Whimsy and Nonduality
I say “apparently whimsical” above because Frost’s characteristic use of whimsy allows him time and again to engage with a range of possible stances towards experiences or ideas that we might conventionally call fanciful without committing him to a specific epistemological position on basic metaphysical definitions of reality. I would argue, in fact, that Frost’s whimsy projects a nondualistic space within which he can undo a variety of philosophical oppositions, such as “fanciful” versus “scientific” or “romantic” versus “realistic,” without limiting himself to any of these conventional poles. Whimsy provides Frost with a way of paying tribute to the multidimensional nature of our world while providing him with a cover or a mask that makes it difficult for readers to pin him down, for them to decide how serious Frost might in fact be in his fancy.
If we accept the standard definitions of the whimsical—that is, those rhetorical stances marked by capriciousness, playfulness, and fanciful humor—then I would suggest here that Frost’s poems are not, in the end, simply capricious or fanciful or humorous in any frivolous sense. As any professional comedian will attest, humor can be one of the most serious of analytical tools available to us in a complex world. Whimsy here, then, allows Frost to ask “frivolous” questions seriously while appearing decidedly tongue in cheek. Moreover, this rhetorical turn suggests by extension that his more apparently serious statements might in reality be more whimsical than we might at first assume. Once we enter the nondualistic field of Frost’s whimsy, the serious becomes playful and the playful becomes serious.
We are immediately thrown into this nondualistic flux by the opening tercet of “A Star in a Stone-Boat”:
Never tell me that not one star of all That slip from heaven at night and softly fall Has been picked up with stones to build a wall. (1-3)
The unqualified definiteness of this opening directive, with its stern double negative, most likely leaves readers wondering, “What? Are you serious?” The positive result of the negatives leaves us with the command, “Tell me that at least one star has been picked up and used in the building of a wall.” There isn’t even the slim comfort of potentiality, of possibility rather than certainty, of a “might have been” that at least allows for the possibility of a “might not have been” when confronted with such an unusual assertion. The certainty of the directive leaves us uncertain as to its intention for how we should response to it.
Something There is that Doesn’t Love a Wall
My intention is to take these whimsical gestures seriously, here and elsewhere in the Frost canon, and to see where such a road not traveled might lead. Let’s say that we are, in fact, invited to take such moves seriously. What do we end up with? How do such renewed intentions re-orchestrate the gestures of the poem? What world do we then inhabit? For instance, let’s take another stone poem as an example, Frost’s more famous “Mending Wall” (from his first official collection, North of Boston, published in 1914), before returning to our star in a stone-boat.

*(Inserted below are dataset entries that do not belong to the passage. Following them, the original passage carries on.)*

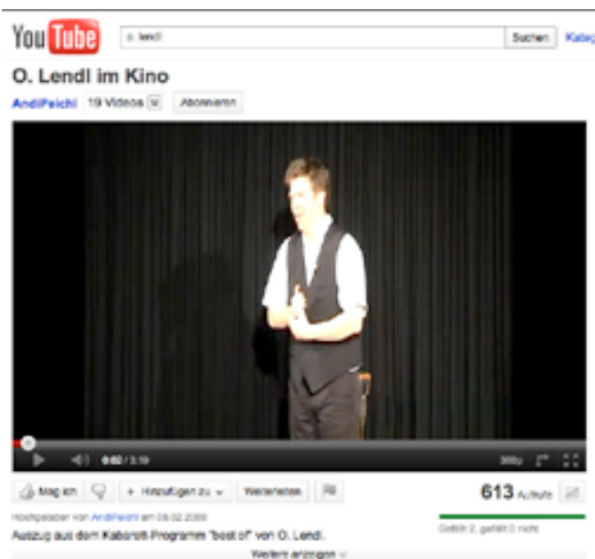
LINK ZU VIDEO 1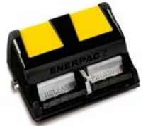
1 és 2 literes tartály kialakítás.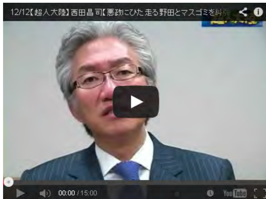
【超人大陸】参議院議員 西田昌司 2011.12.12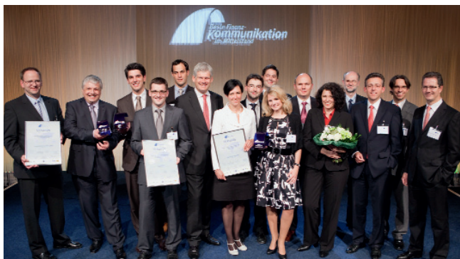
Zurecht stolz: die Sieger des Finanz-Kommunikations-Awards 2009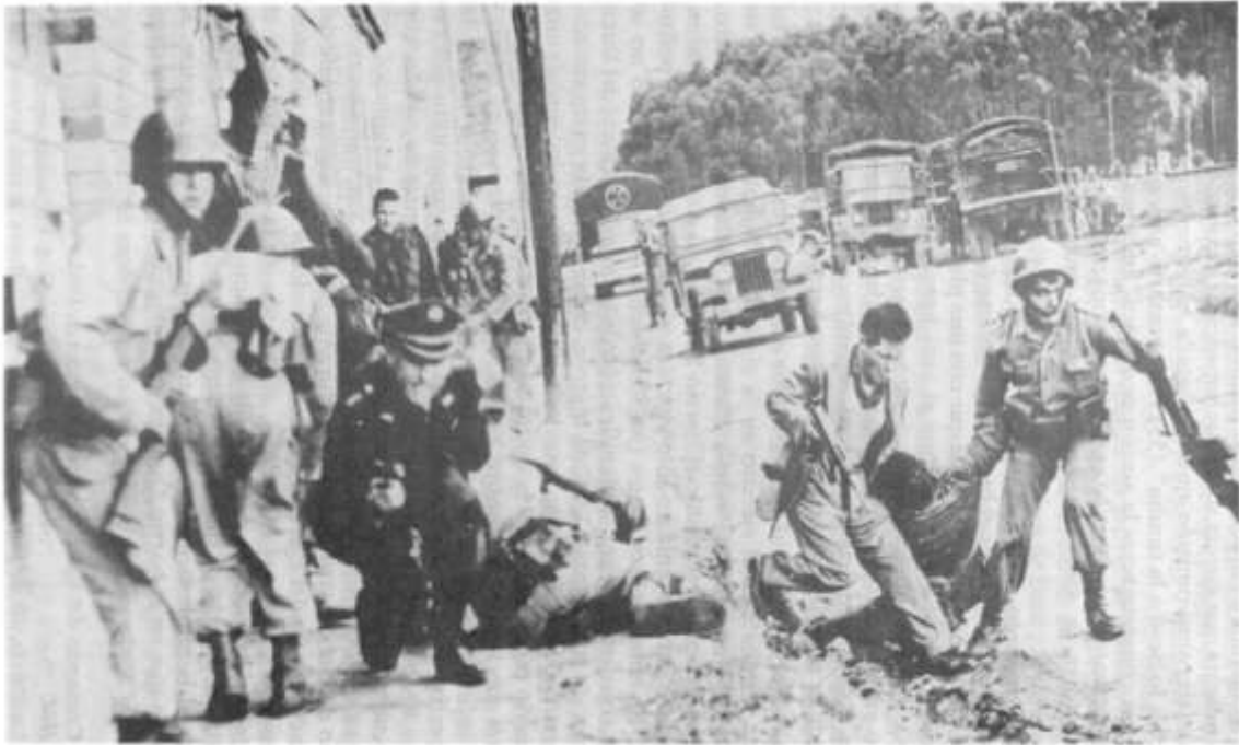
Se inicia la batida final contra un bandolero refugiado en un barrio bogotano...

decirse- de humillante victoria. En efecto, la multitud de más de diez mil personas que invadió la zona lanzaba vivas al bandolero y gritaba “asesinos... asesinos” a los agentes, al tiempo que en el barrio Quiroga se organizaban mítines de protesta 58 .

“Mending Wall” is a meditation on the origins of the falling down of stone walls as well as what social functions such walls are intended to serve in the first place and, perhaps most importantly, the social fictions deployed to maintain an unquestioning state of consciousness. It is a meditation, then, on creating and maintaining boundaries. The particular policed boundary raised in the poem, the road less traveled by in most readings, that especially interests me is the boundary between human and nonhuman—or we might say “extra-human,” as in the realm beyond the human. We see this in the opening lines:
Something there is that doesn't love a wall,
That sends the frozen-ground-swell under it,
And spills the upper boulders in the sun;
And makes gaps even two can pass abreast. (1-4)

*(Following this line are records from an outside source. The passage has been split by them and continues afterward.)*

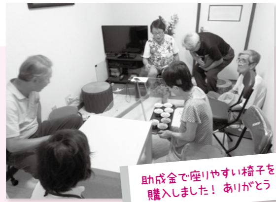
助成金で座りやすい椅子を購入しました！ありがとうございます

私たちは京都市中部エリア(中京区・下京区・南区)で主な活動を行っています。中京ふれあいまつりへの出店や、身近な場所でのサロンを開催しています。平成24年10月からサロンを開始し、参加者の身体的変化により、身近にある小さなハンディが参加の妨げにならないようにと考えて助成金を活用しました。お互いが自然と参加したくなるような、そんなサロンを目指しています！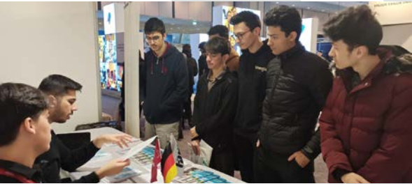
Lütfi Kırdar Kongre ve Sergi Sarayı Lütfi Kırdar Convention and Exhibition Center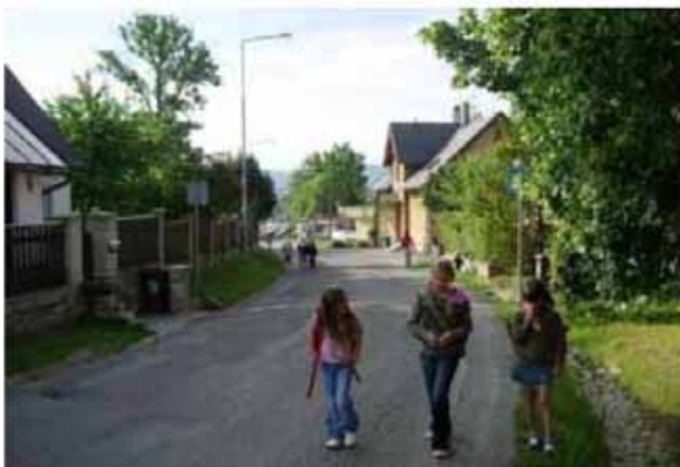
Komunikace bez chodníkové úpravy

I am especially interested in this “something there is.” The common-sensical “scientific” answer for this comes in the second line, “the frozen-ground-swell,” and yet this answer is immediately assigned secondary status by the speaker of the poem. This frozen-ground-swell is not a cause but a tool for the mysterious something-there-is that doesn’t love a wall. (Why “love”? Why not “like”?) The apparently capricious forces of nature will not be assigned a strictly naturalistic definition here. Natural law could not so easily explain the consistency of these disrupting wall-tumbling processes at work in nature, leaving “gaps even two can pass abreast.” Now, one might suggest that Frost is merely indulging in a certain animistic “poetic license” here that allows him to fuse fantasy and naturalism in this personifying way. Frost is simply, it would seem, playfully luxuriating in poetic imagination. But I would respond that such a suggestion debases the meanings of both poetry and imagination by reducing them to mere “speculative” fancy. I choose to believe that Frost is, in fact and not in fantasy, seeking ways of confronting the spirits of nature that we normally are led to consign to the playfully-misguided “romantic” poets and philosophers. The whimsical Frost is at heart a romantic—as, I should admit up front, I myself am.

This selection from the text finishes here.